So here we find ourselves with a member of our city council in peril of censure or even expulsion because of what? Because he persisted.

There is nothing conclusive or determinative in the city attorney's opinion regarding the public status of the plan at the time. To find as it has, the Ethical Practices Board had to first reach its own conclusion regarding the public status of the document. A conclusion it is in no position to reach and has no authority to make. The EPB has intervened in a legitimate and fully warranted disagreement between an elected city official and a member of the city staff. The EPB then sided with the city staff member and held that "full cooperation" required the council person to have done so also. Having thus set the table, the EPB found a "conflict of interest" on the part of the council person because he did not agree with the city attorney with whom the EPB, in its overreaching opinion, did agree.

Given the conflicting position of the GRACT CEO and the contemporaneous actions of a GRACT board member, is it even clear what the public status of the document was at the time? The EPB must very finely parse the timeline and sequence of word and deed to come anywhere near a conclusion on the matter. A conclusion that would none the less remain overreaching and beyond its purview.

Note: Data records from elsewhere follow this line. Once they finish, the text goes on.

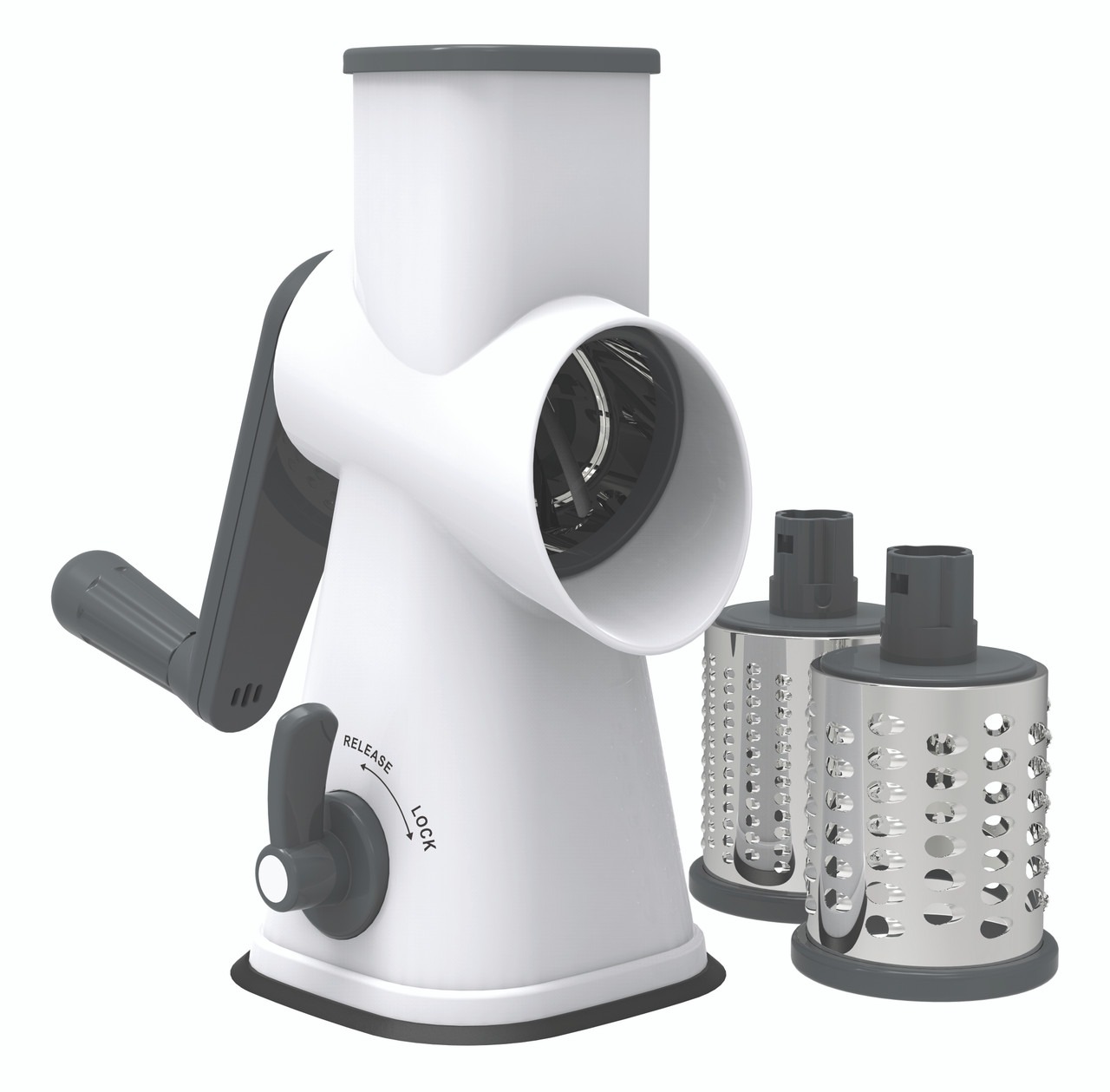 Breeze through your kitchen prep work with the Avanti® Tabletop Drum Grater. A fast, efficient hand-powered rotary grater that quickly and easily grates, shreds and slices cheese, vegetables, biscuits, nuts and more. Featuring a wide hopper that allows substantial quantities of food to be grated or sliced in seconds and a food pusher that keeps fingers away from the blades. Three different stainless steel drum blades deliver fine grating, coarse grating/shredding and slicing. Drum blades switch out for easy cleaning. An angled dispenser reduces any clogging and a suction base securely attaches the unit to a clean, dry, non-porous surface. A reliable and durable does-it-all countertop companion!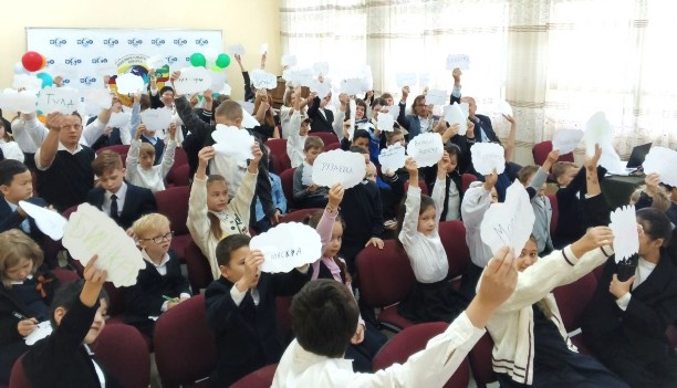 Школьники выполняли интерактивные задания в каждом разделе и в конце урока смогли сказать, что для них значит быть россиянином.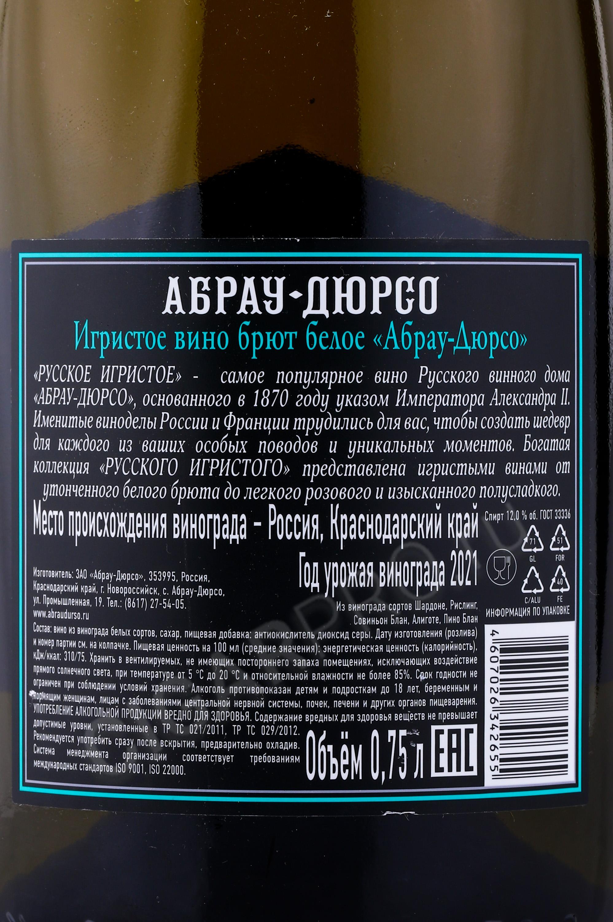Игристое вино Абрау Дюрсо белое брют 0.75л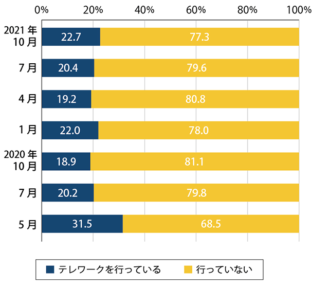 公益財団法人日本生産性本部の調査結果レポート「第7回働く人の意識に関する調査」(20歳以上の1,100人を対象)によると、テレワークは2020年4月7日に初めて緊急事態宣言が出された直後の5月には31.5%の人が「行っている」と答えました。その後も20%前後を保っています。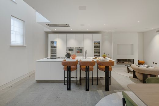 Perfectly styled and situated to suit those looking for a luxury property in the heart of prime central London, this recently renovated contemporary mews home is filled with high-quality features and bespoke touches. The house spans four floors, with the main living areas being the open-plan Gaggenau kitchen and dining room on the lower ground floor, complete with an attached utility and guest cloakroom. The more formal reception room, featuring a gas fireplace and charming mews views, is located on the first floor. On the ground floor, you’ll find a spacious bedroom, a separate bathroom, and an additional bedroom that can also serve as a home office, along with the garage providing that coveted off-street parking so prized in this area of London. The first floor also hosts an en-suite bedroom, while the second floor is dedicated to a generously sized principal bedroom with a large built-in wardrobe, en-suite bathroom, and a substantial private outdoor terrace. Marylebone is an excellent destination from which to explore and enjoy the sights and attractions of London. Bordered by the two Royal Parks, Regent’s Park and Hyde Park, the neighbourhood is filled with great restaurants, shops, and entertainment venues, as well as seamless transport links to the rest of the city and beyond.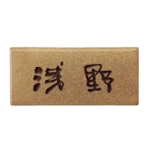 伊羅保釉で彩色した趣のあるデザインで、大好評の戯遊詩画人「泉椿魚」氏揮毫の椿魚書体が標準仕様の表札です。 縁起の良い浮き出し文字(凸文字)表札は全国でも珍しく、川田美術

As to the matter of the tax filings made by GRACT and whether or not the council person's statements regarding them were "false." Is this conclusion by the EPB arrived at based upon anything other than the assertions made in the complaint by the complainant? Did the EPB investigate these filings and determine their appropriateness? If so, were the statements by the council person false or merely incorrect?

(Anyone looking at GRACT's finances might scratch their heads. One need not accuse GRACT of any illegality to wonder at the discrepancies among the news accounts of what GRACT reports raising and distributing, the income and expenses it reports to the Minnesota Attorney General, and the appropriateness of filing a Form 990 or a Form 990n. Though it might well be incorrect to look at those discrepancies and form a certain opinion about the appropriateness of the filings, it is not necessarily false to do so. Any organization holding a major fundraising event at the Mayo Civic Center and reporting $0 in fundraising expenses would raise an eyebrow. At least two questions immediately come to mind: (1) who is GRACT's accountant because many nonprofits would like to know; and, (2) how is it RASC can't seem to score the same sweet deal at the MCC?)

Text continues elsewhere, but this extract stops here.